Old People with Problems Seeing Close Objects
Predicted to Hit 1.4 Billion by 2020
Age-related presbyopia – farsightedness – keeps 410
million from tasks requiring near vision
Dec.
8, 2008 - It is estimated that more than 1 billion individuals worldwide
in 2005 had presbyopia, or age-related difficulty in seeing objects
nearby, with an estimated 410 million with the condition unable to
perform tasks requiring near vision, according to a report in the
December issue of
Archives of Ophthalmology, one of the JAMA/Archives
journals.
Presbyopia occurs with age, as the eye's lens loses
its elasticity and ability to focus on close objects.
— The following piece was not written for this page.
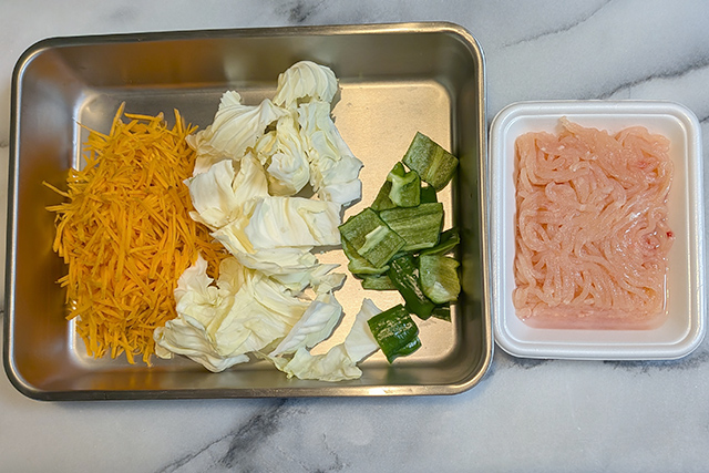 【3】にんじんは細切りにし、キャベツとピーマンは食べやすい大きさに切ります。

"Although known physiology and population
demographics suggest that presbyopia is common or nearly universal in
people older than 65 years, direct estimates of prevalence are rare,"
the authors write.
"The total number of people with presbyopia is
primarily of interest as a precursor to the figures of greatest public
health interest - the number of people with impaired vision due to
uncorrected or undercorrected presbyopia and the effect on their lives."
Brien A. Holden, Ph.D., D.Sc., of the University of
New South Wales, Sydney, Australia, and colleagues analyzed multiple
surveys to estimate the global prevalence of presbyopia, along with the
rate at which the condition is corrected and the vision impairment
caused when it is not. They then used the International Data Base of the
U.S. Census Bureau to extrapolate estimates for the future.
Using projections from these surveys, the
researchers estimate that 1.04 billion people globally had presbyopia in
2005, 517 million of whom had no eyeglasses or inadequate eyeglasses or
spectacles.
Most (386 million, or 94 percent) of the
individuals whose daily tasks were impaired by uncorrected presbyopia
lived in the developing world.
These estimates are based on the best available
information, the authors note.
"More epidemiological research in presbyopia is
needed to decrease the assumptions and generalizations required for a
better global estimate," they say. "As more data become available, an
increasingly accurate picture of the burden of presbyopia will emerge."
The researchers predict that the worldwide
prevalence of presbyopia will increase to 1.4 billion by 2020 and 1.8
billion by 2050.
"Without intervention to make spectacles more
accessible, the global number of individuals who will have a disability
associated with uncorrected presbyopia is predicted to grow to 563
million people by 2020," the authors conclude.
"If the goal of Vision 2020 to eliminate
unnecessary blindness and impaired vision, in this case due to
uncorrected refractive error, is to be achieved, planning will have to
include the provision of human resources, affordable spectacles and
systems of delivery for these half-billion people in need."
Editor's Note: This work was supported by a
public health grant from the Institute for Eye Research.